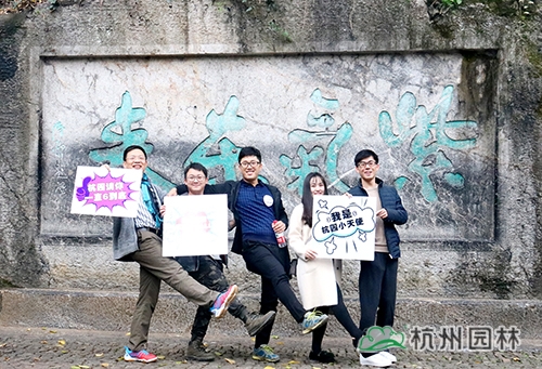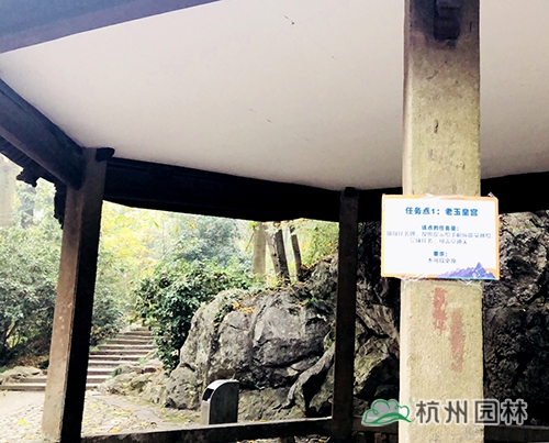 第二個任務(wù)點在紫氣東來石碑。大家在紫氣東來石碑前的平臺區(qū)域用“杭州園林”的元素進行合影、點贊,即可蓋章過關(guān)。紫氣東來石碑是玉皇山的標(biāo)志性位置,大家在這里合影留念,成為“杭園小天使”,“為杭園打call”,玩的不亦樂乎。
--*--
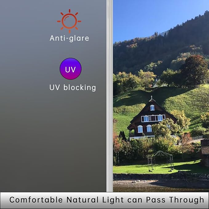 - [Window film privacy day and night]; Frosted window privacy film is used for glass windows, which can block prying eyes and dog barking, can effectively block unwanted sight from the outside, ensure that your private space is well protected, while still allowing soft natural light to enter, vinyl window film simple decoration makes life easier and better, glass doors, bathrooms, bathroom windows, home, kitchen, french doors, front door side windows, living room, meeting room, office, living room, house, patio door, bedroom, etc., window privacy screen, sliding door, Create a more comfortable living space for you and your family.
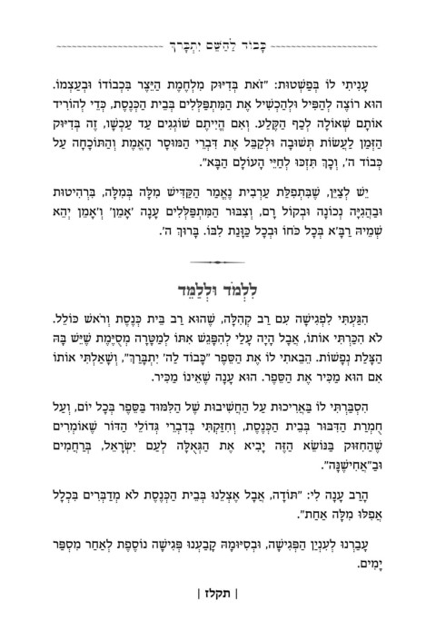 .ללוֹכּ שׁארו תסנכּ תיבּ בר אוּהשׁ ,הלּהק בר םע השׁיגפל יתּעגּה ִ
--*--
Task statement
Copy only this from above: the line containing "- [Window film", the line containing "השׁיגפל יתּעגּה ִ", and all lines between, printed exactly. Leave out the pictures.

Final answer
 - [Window film privacy day and night]; Frosted window privacy film is used for glass windows, which can block prying eyes and dog barking, can effectively block unwanted sight from the outside, ensure that your private space is well protected, while still allowing soft natural light to enter, vinyl window film simple decoration makes life easier and better, glass doors, bathrooms, bathroom windows, home, kitchen, french doors, front door side windows, living room, meeting room, office, living room, house, patio door, bedroom, etc., window privacy screen, sliding door, Create a more comfortable living space for you and your family.
 .ללוֹכּ שׁארו תסנכּ תיבּ בר אוּהשׁ ,הלּהק בר םע השׁיגפל יתּעגּה ִ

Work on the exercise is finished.